Footnotes to Long Island History

Old Cordwood Industry on L.I.

Thomas R. Bayles



For nearly 100 years, up to about 1900, the cutting and shipping of cordwood was an important industry in the central part of Long Island from Lake Grove to Middle Island and Ridge, and on the north side from Stony Brook to Wading River.

 The wood was cut during the winter months and during good weather was hauled by teams to the north side of the Island, where it was piled in long piles alongside the landing roads leading down to the Sound Shore at Miller Place, Mt Sinai, Wading River Woodville Landing (now Shoreham) and large quantities of wood was also loaded from the docks at Stony Brook, Setauket and Port Jefferson.

 The plains between the middle and north side of the Island, which today are practically bare of trees, yielded in those days as high 50,000 cords of wood, mostly pine. Most of the wood shipped was pine, although some bak wood was also shipped.
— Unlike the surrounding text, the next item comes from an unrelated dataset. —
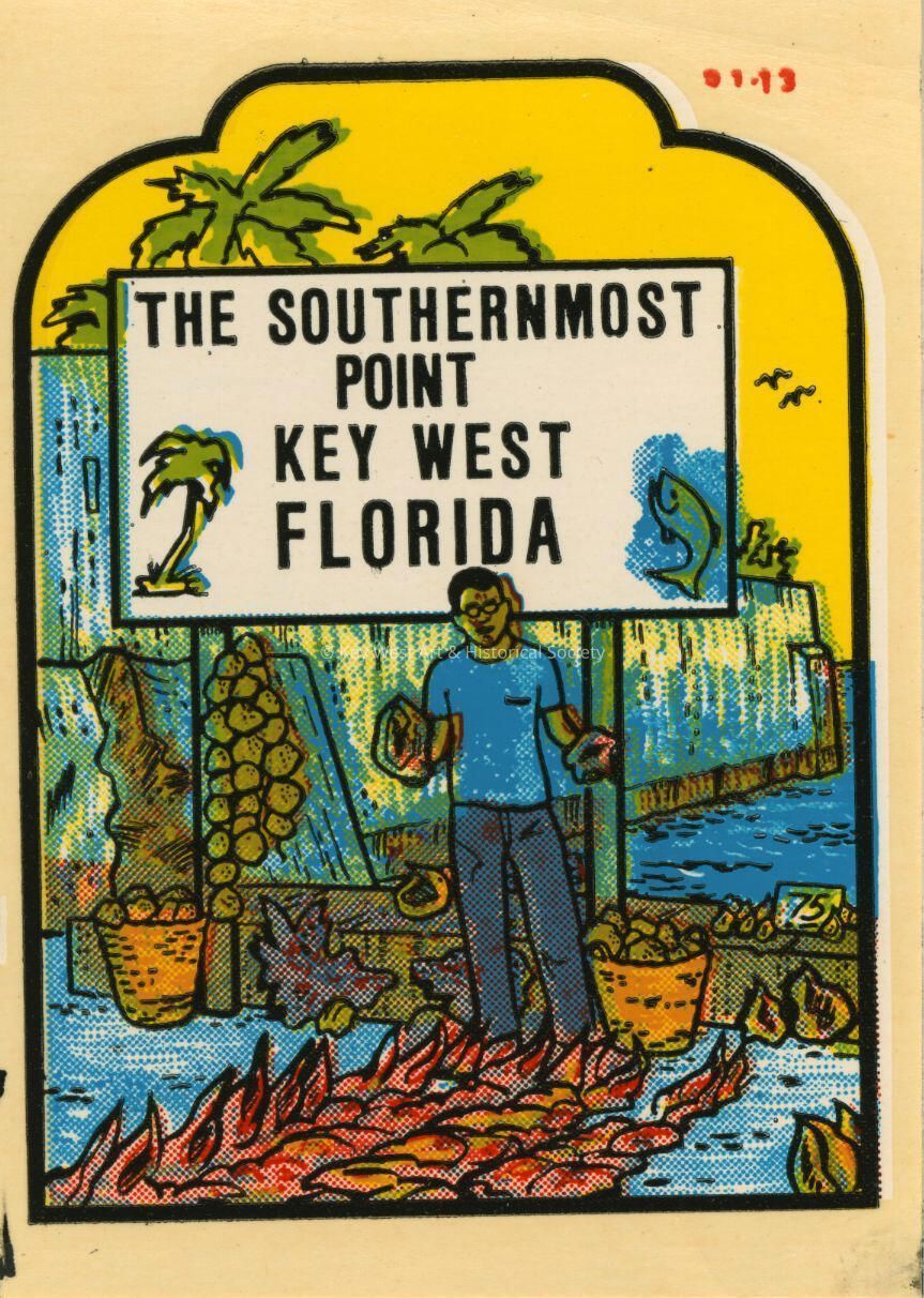 A travel decal created by the Impko company depicting the Southernmost Point with Bishop Albert Leo Kee.Collection

 During the open season a number of sloops and schooners were engaged in carrying the wood from various landings to New York, and also up the Hudson River to Haverstraw where it was used in the brick yards in curing bricks. The boats would "lay on," as they called it, that is come as close to the beach at high tide as possible. As the tide went down, the men with teams hauled the wood from the piles above the beaches and to the boats, where it was loaded. The men had to work fast in order to get the boat loaded before tide rose again, when it would have to be ready to sail. Sometimes several boats would be loading at the same time, which made a scene of great activity on the beach, and the work often ran late into the night, according to the tides. Men were often called out in the middle of the night to go over to the Sound and to "load sloop."

 Thousands of cords of wood were cut every winter on the farms by men who came down from Amityville and other sections for the winter and were paid fifty to seventy cents a cord. They lived in farm building and some of them built rude huts in the woods where they lived for the winter.

 Cordwood cutting is almost a lost art in these days, and among the very few remaining men who were active in the wood business in the latter part of the past century is Lewis Ritch of Middle Island, who is 92 years of age and still cuts up all all the wood at the woodpile for the wood-burning family cook stove which they use. In addition to this, last winter he sawed up about 40 half-cord piles of fireplace wood which he sells at his home. Many a colorful tale Mr. Ritch can tell of the years when he sailed the wood loops to Haverstraw and of the Industry that brought in thousands of dollars each year to the farmers in this area. Mr. Ritch is a great walker and still walks nearly two miles to see some of his neighbors and back again.

 The old wheelright shop in Yaphank of Charles Marvin was an important part of the wood business, as it was there that the farm wagons which carried the wood were built and kept in repair. The scene has changed and the old wheelright shop is gone, and also the teams and wagons that hauled the wood over the country roads across the Island, also the boats that carried the wood to the distant markets. All that is left to remind the present generation of a profitable industry that once gave employment to a large number of men, are the old landing roads leading down through the hills to the Sound shore. These are mostly hard surfaced highways which carry thousands of cars loaded with pleasure seekers  who go to enjoy the sunshine and the fine salt water bathing in Long Island Sound in the summer time.